We use SKU's that match our suppliers SKU so it is easy to pick products. We change SKU's on our live site for the following reasons. 1) Change of supplier, we alter SKU's to match the new suppliers SKU. 2) Supplier changes part numbers, this has happened on a few occasions for a bulk of products from that supplier. 3) Typing mistakes when originally added.
Igor, haven't heard from you since my last post. This appears to be a concern some others in the community are concerned about. Is this something you guys are re-deliberating internally?
Thanks again.
Hi @michaeljdietz
Sorry for not answering you for a while. I was very busy with MSI 1.1.0 release preparation. Hopefully, it should happen during this week. As soon as the release is done - I'll get back to this discussion.
FYI a week ago I brought this question to public discussion in Tweeter - https://twitter.com/iminyaylo/status/1091736497273925632 here you can get familiar with results.
Hi @timpea
Great points described! Just several questions to you.
- Change of supplier, we alter SKU's to match the new suppliers SKU.
Thus, it's not a typical day to day operation, and you proceed with it once you have a new supplier, as a part of preparation. Why the tool which will do this transformation and would guarantee data consistency would not work for you?
- Supplier changes part numbers, this has happened on a few occasions for a bulk of products from that supplier.
How do you keep the consistency between the stored data in Magento and data arrived from an external system where supplier changed SKU?
- Typing mistakes when originally added.
This is currently could be overpassed with Cloning product functionality, and fixing SKU for a cloned product.
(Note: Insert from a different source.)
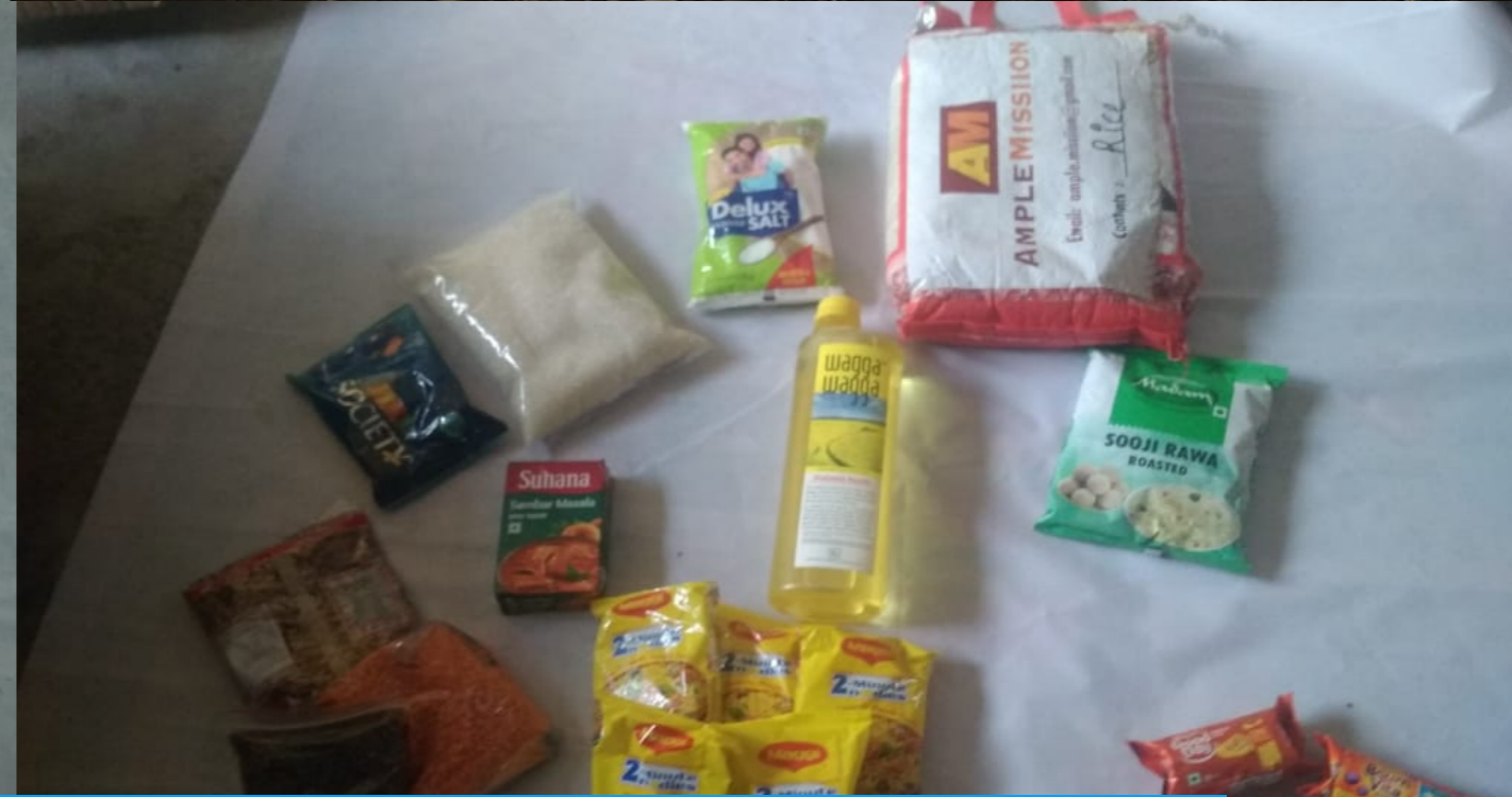
Sample Cleaning Kit & Food Kit & Hygiene Kit

The main question in the scope of this discussion as for me - whether we should treat SKU exactly the same as other product attributes (and modify it accordingly) - or provide some additional meaning to it, and do not let to change it via Service Layer, leaving the possibility of modification via dedicated tools
Preconditions
Steps to reproduce
Expected result
Actual result
Discussion
Unfortunately, this is what happens when you relate on a business field rather than a surrogate key. The inventory_reservation and inventory_source_item tables use SKU to identify products instead of entity_id/product_id. This causes a MAJOR issue if SKU is changed in the admin interface, as the reservations are no longer associated with the product. Why are we using ANYTHING other than a surrogate key to relate data? A little bit alarming from a development-standpoint to see this happen in the codebase. I have a hard time imagining a business case where it makes sense not to use the surrogate key -- like we have been doing with the Magento framework since the early days of v1. Am I missing something? I am sure it could be fixed with an observer or plugin, but it seems risky to start introducing these kind of data integrity risks into the framework for no reward. If you would like the ability to have varying SKUs for different warehouses or something, seems we should still be relating on a surrogate key, whether it is product_id, stock_item_id, or something else.